I read a blog recently that equated making new mom friends to dating. In fact, I think that’s true about making new friends in general! Do you share the same values? Do you have similar likes and interests? Can you call on them at 2am when it feels like your world is falling apart?
Let’s face it, being a parent is tough!! Whether you stay home, whether you work, whether you do a combination of both, parenting is hard. It’s even harder if you are going down this road alone. True, a supportive partner helps! But sometimes you want another mom who just gets it. She understands exactly what you’re going through and doesn’t find you crazy for wanting to drink wine at 10am because your toddler just. won’t. listen.

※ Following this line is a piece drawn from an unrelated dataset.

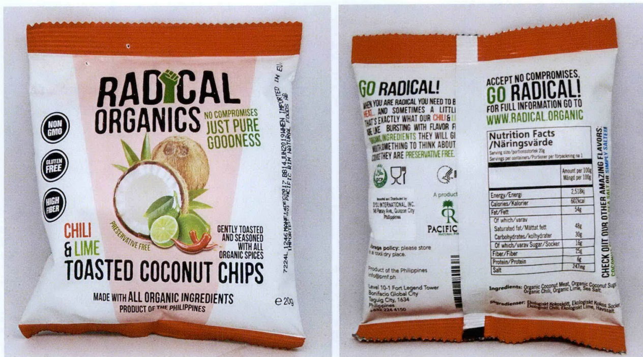
Figure 3. Unregistered RADICAL ORGANICS Toasted Coconut Chips Chili & Lime (20grams).

The FDA verified through post-marketing surveillance that the abovementioned food products are not authorized and the Certificates of Product Registration (CPR) have not been issued. Pursuant to the Republic Act No. 9711, otherwise known as the “Food and Drug Administration Act of 2009”, the manufacture, importation, exportation, sale, offering for sale, distribution, transfer, non-consumer use, promotion, advertising or sponsorship of health products without the proper authorization is prohibited.
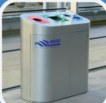
Torpedo Triple XL Height: 1065mm Width: 1000mm Depth: 533mm Capacity: 270 Litres Weight: 70 kg

She knows just what to say, and when to say it. Maybe she has older children and has seasoned mama wisdom and advice to give. Maybe she knows just the right time to offer to watch your beautiful, loving, screaming baby so you can find some sort of sanity.

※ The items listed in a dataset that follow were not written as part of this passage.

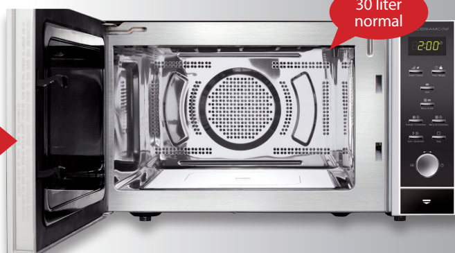
30 liter microwave with turntable

Due to the ceramic reflector floor, the size of the usable microwave dishes is no longer limited to the diameter of the turntable. The usable area is thus up to 60% larger than comparable devices with turntables - with the same, compact external dimensions. Therefore a 20 liter CERAMIC microwave oven has the same useful capacity as a classic 30 liter appliance.
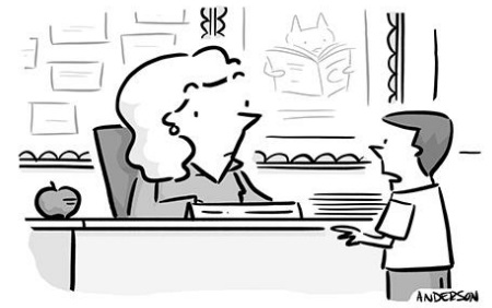
"Do independent clauses get to write off dependents?"
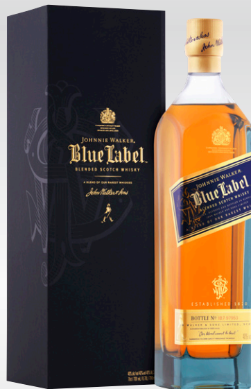
JOHNNIE WALKER Blue Label
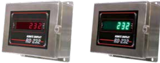
RD-232 NEMA Type 4X Stainless Steel Wall Mount Enclosure
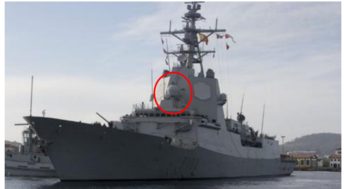
Indra – 1.8m X/Ka-band installation on Spanish Frigate

Since battling postpartum depression and anxiety 2.5 years ago, I have fought hard to build my village. During that time where I felt so alone, I discovered the true importance of having solid mom friends that you can count on. Here are some tips to building your village:
Test Drive Mom Groups
I was fortunate to have found a wonderful and loving mama group through Enlightened Mama. I knew it was the place for me when the moms cried along with me, didn’t judge me for continuing to nurse my baby to sleep at almost a year, and supported each other through thick and thin, never whispering a word of negativity about another. It can be difficult to find such a group, but keep going until you find one that fits your needs!
Get Out of Your Comfort Zone
As the wonderful Jillian Michaels says “get comfortable with being uncomfortable.” Sometimes you need to take a leap of faith and invite that mama at the park out for coffee. Maybe you see the same mama taking her baby for a walk at the same time you do every day. Or maybe you felt a connection to another mom begin when you both were breastfeeding your babies at the mall. Making small talk is incredibly difficult for many people. But you might be missing out on some wonderful, lifelong friendships if you never take the chance!
Be The Friend You Want To Have
This advice goes beyond making and keeping mom friends, it’s great advice for being a good friend in general! You’ve taken the leap of faith, and started the beginnings of a great friendship. Now keep it up! If your mama friend just had another baby, take her a meal! Offer to fold the laundry, or clean the kitchen. Thinking about going to an awesome new park? Invite your new friend along! Want to have a friend that listens completely, doesn’t judge, and is compassionate? Be that person!
Last, but not least, be authentic. Be real. Be honest. Be vulnerable.
Building your village takes time. Be patient with the process! But you will find that you will make some of the most amazing friends who will carry you through the best and worst years of parenting.